2016 Restaurant Poll Interview

Bryan Flewelling of Eventide Oyster Co. in Maine on the advantages of pét-nats with seafood

Bryan Flewelling moved from Boston to Maine in 2006, and started a five-year stint at the White Barn Inn Restaurant in Kennebunkport. In 2013, he moved up to Portland to join the team at Hugo’s, one of the three restaurants now belonging to Big Tree Hospitality. Today, Flewelling is the wine director for the company. Here he talks about the wines that sell well at Eventide Oyster Co., a modern take on the New England oyster bar.

On Pét-Nats

I wouldn’t describe Eventide’s food as linear, but there is a Japanese simplicity to many dishes. Pét-nats go very well with that because they tend to be simple, crisp and fresh. They’re not blustery, get-in-the-way wines. And people here are interested in pét-nats. Portland is a beer town, point blank. It specializes more in small-scale beers and ciders. People like semi-sour, slightly funky, cloudy beer and wine. Pét-nats tend to be very much like that.
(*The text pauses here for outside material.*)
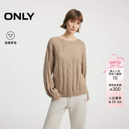ONLY2026春季新款显瘦纵向肌理绞花纵向坑条纹宽松毛衣针织衫女

The Oyster River Winegrowers Morphos Pét-Nat [a 50/50 blend of Cayuga and Seyval Blanc from Warren, ME] did so well this year because it’s a pét-nat, and it’s local, fresh, a bit sour—and it’s only $25 per bottle. 

What to eat tonight?

I would order oysters, for damn sure. I would also probably order some form of crudo. Right now, I’m especially interested in the fluke. I would drink Avinyó Penedes Vi d’Agulla Pétillant 2014. It’s a sparkling muscat, super floral and fresh—the name “Vi d’Agulla” means prickly wine. Or the Patrice Colin Pineau d’Aunis pét-nat from the Loire. These wines don’t collide with the food. I love them—they taste fresh, with good levels of acidity. They’re flat out high pleasure.